V-Guard: An Efficient Permissioned Blockchain for Achieving Consensus under Dynamic Memberships in V2X Networks
V-Guard achieves high performance operating under dynamically changing memberships, targeting the problem of vehicles' arbitrary connectivity on the roads. When dealing with membership changes, traditional BFT algorithms (e.g., PBFT and HotStuff) must stop to update system configurations using additional membership management approaches, thereby suffering from severe performance degradation.
In contrast, V-Guard integrates the consensus of membership management into the consensus of data transactions. Compared to traditional BFT algorithms, V-Guard not only achieves consensus for data transactions but also for their residing membership configurations.
# Consensus target of tradition BFT algorithms: <data transactions>
# Consensus target of V-Guard: <data transactions, membership profiles>
The integration makes V-Guard achieve consensus seamlessly under changing members (e.g., with joining or leaving vehicles) and produces an immutable ledger recording traceable data transactions with their corresponding membership profiles.
V-Guard develops a Membership Management Unit (MMU) that keeps track of available vehicle connections and manages membership profiles. The MMU describes a membership profile that contains a set of vehicles as a booth. Below illustrates the management of booths (of size 4).
In the below example, the yellow car is the proposer, and the MMU manages 10 members. The consensus target are the data (in blue font) and membership (in red font), where O is the orderingID (sequence #), B is the data batch, V is the booth, Q is the quorum, and Sigma is the threshold signature.

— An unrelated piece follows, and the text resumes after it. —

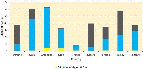 In major producers of sunflower oil, the share of hydrocarbon fossil fuels in electricity generation varies from 9% (France) to 60–62% (the Russian Federation and Argentina) [,,,]. Turkey, Bulgaria, and Ukraine have the highest share of coal in power generation (Figure 3). In addition to carbon dioxide, the combustion of fossil fuels emits many harmful compounds, such as nitrogen oxides, sulfur dioxide, particles, etc. []. Coal-based power plants are significant contributors to these emissions []. Sunflower husks are a waste product of sunflower oil production. According to conventional technology, this waste product is stored in landfills, and its storage results in GHG emissions of approximately 433 kgCO2eq./t [].

Ordering instances can take place in different booths. E.g., when the proposer conducts consensus for data entry 1, the ordering takes place in Booth 1. When Booth 1 is still available, the next ordering instance reuses it (e.g., data entry 2). However, when Booth 1 becomes unavailable (e.g., some vehicles go offline), the MMU will provide a new booth (i.e., Booth 2) for the next ordering instance.
Consensus instances are executed periodically as "shuttle buses" with a sole purpose of committing the entries appended on the total order log. A consensus instance (C) can also operate in a different booth where the new members will scrutinize the signatures of included entries that they have not validated previously.
GoLang should have been properly installed with GOPATH
and GOROOT
. The GoLang version should be at least go1.17.6
. In addition, three external packages were used (check out go.mod
).
// threshold signatures
go get go.dedis.ch/kyber
// logging
go get github.com/sirupsen/logrus
// some math packages
go get gonum.org/v1/gonum/
Below shows an example of running a V-Guard instance with a booth of size 4 and 6 initial available connections. The quorum size of a booths of size 4 is 3, so the threshold is set to 2, as the proposer is always included.
// Assume the downloaded folder is called "vguardbft"
// First, move the keyGen folder outside of vguardbft.
mv keyGen ../
// Then, go to "keyGen" and generate keys
cd ../keyGen
go build generator.go
// Keys are private and public keys for producing and
// validatoring threshold signatures where t is the threshold
// and n is the number of participants
./generator -t=2 -n=6
// A "keys" folder should be generated with 6 private keys and 1 public key
// Privates keys: pri_#id.dupe
// Public key: vguard_pub.dupe
// Now copy the "keys" folder into the "vguardbft" folder
cp -r keys ../vguardbft/
// Compile the code in "vguardbft" using the build script
cd ../vguardbft
./scripts/build.sh
// Next, create a log folder
mkdir logs
// Finally, we can start running a V-Guard instance by starting
// a proposer, which always has an ID of 0. The script takes
// two parameters: $1=ID; $2=role (proposer: 0; validator: 1)
./scripts/run.sh 0 0 // this starts a proposer
// run 5 validators
./scripts/run.sh 1 1 // this starts a validator whose ID=1
./scripts/run.sh 2 1 // this starts a validator whose ID=2
./scripts/run.sh 3 1
./scripts/run.sh 4 1
./scripts/run.sh 5 1
Check out parameters.go
for further parameters tuning.
The project is under a double-blind review process. We temporarily redacted the deployment details to preserve anonymity.